## REQUIRED WORK
When the listing below reaches the line that has "WASHINGTON (Reuters) -Elon", start reproducing exactly; stop after the line that has "Bietet einen Umsatz", and drop the pictures.

## EXERCISE MATERIAL
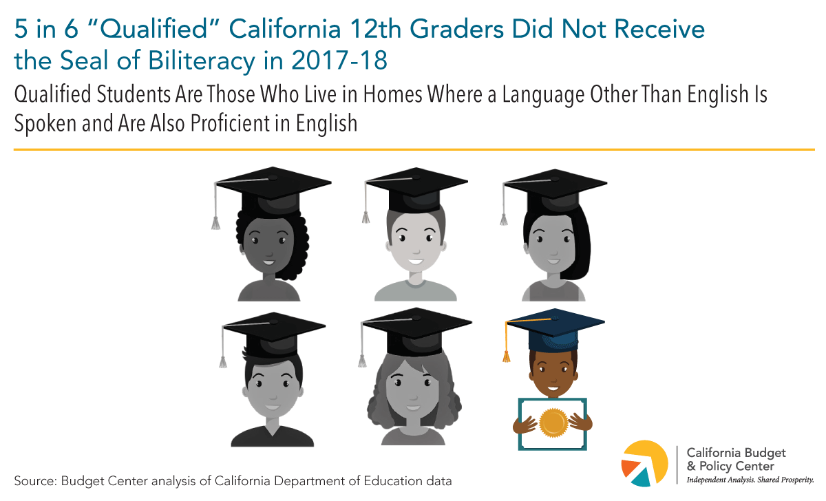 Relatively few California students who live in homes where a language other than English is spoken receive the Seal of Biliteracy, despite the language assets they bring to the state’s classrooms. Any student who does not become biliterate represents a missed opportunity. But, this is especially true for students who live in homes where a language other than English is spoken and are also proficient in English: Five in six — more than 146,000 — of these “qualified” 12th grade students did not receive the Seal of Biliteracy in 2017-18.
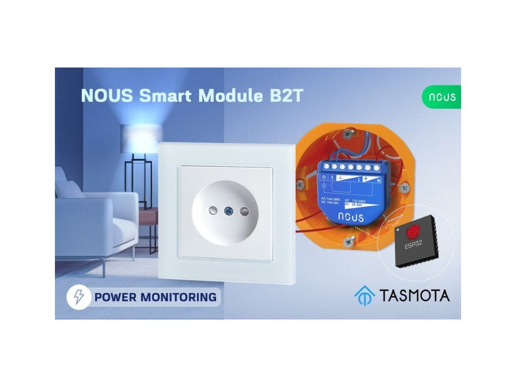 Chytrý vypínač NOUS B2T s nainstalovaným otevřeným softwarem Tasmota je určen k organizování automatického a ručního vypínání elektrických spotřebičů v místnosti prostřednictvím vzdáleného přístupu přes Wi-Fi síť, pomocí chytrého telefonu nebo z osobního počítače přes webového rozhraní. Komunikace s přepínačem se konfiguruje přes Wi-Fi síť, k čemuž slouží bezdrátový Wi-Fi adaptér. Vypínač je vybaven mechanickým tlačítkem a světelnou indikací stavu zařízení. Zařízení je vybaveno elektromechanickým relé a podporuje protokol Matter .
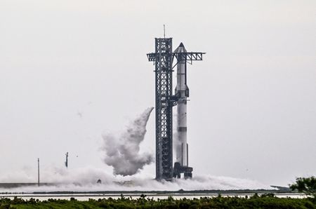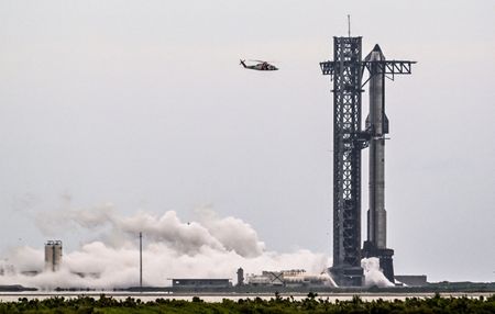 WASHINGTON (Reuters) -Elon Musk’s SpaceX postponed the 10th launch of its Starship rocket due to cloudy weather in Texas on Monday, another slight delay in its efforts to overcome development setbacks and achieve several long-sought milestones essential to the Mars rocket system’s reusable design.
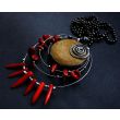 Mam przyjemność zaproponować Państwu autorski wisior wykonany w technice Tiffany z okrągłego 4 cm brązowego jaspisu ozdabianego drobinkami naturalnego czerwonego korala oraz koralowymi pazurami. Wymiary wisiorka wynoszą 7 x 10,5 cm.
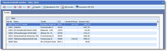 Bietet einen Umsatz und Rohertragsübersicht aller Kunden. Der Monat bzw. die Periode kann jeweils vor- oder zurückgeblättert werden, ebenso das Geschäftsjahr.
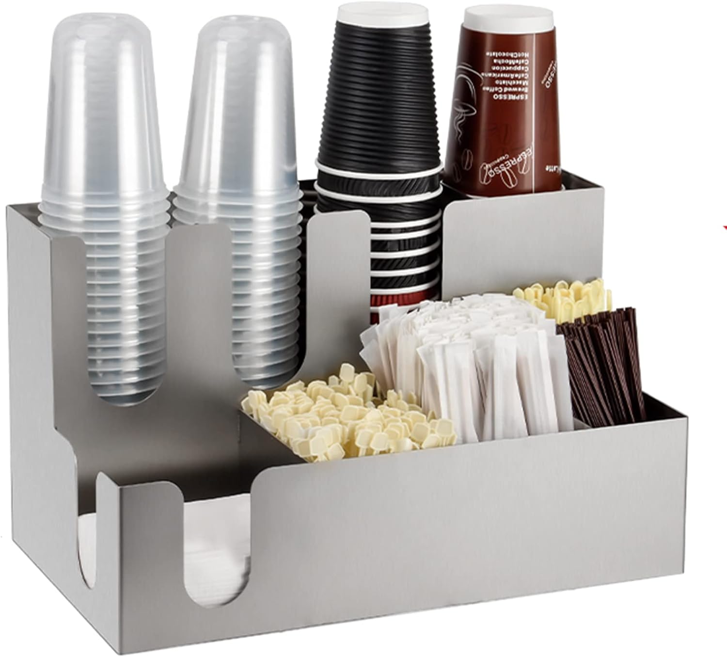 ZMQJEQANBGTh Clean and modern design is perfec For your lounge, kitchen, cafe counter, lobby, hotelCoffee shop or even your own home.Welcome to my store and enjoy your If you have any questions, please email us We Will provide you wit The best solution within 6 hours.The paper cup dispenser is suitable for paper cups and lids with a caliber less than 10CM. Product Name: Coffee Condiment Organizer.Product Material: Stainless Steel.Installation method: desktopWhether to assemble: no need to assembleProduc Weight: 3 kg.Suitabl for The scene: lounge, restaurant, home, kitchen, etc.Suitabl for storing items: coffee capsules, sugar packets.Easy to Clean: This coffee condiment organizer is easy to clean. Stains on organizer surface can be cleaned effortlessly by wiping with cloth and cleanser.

## SOLUTION FOR THIS TASK
 WASHINGTON (Reuters) -Elon Musk’s SpaceX postponed the 10th launch of its Starship rocket due to cloudy weather in Texas on Monday, another slight delay in its efforts to overcome development setbacks and achieve several long-sought milestones essential to the Mars rocket system’s reusable design.
 Mam przyjemność zaproponować Państwu autorski wisior wykonany w technice Tiffany z okrągłego 4 cm brązowego jaspisu ozdabianego drobinkami naturalnego czerwonego korala oraz koralowymi pazurami. Wymiary wisiorka wynoszą 7 x 10,5 cm.
 Bietet einen Umsatz und Rohertragsübersicht aller Kunden. Der Monat bzw. die Periode kann jeweils vor- oder zurückgeblättert werden, ebenso das Geschäftsjahr.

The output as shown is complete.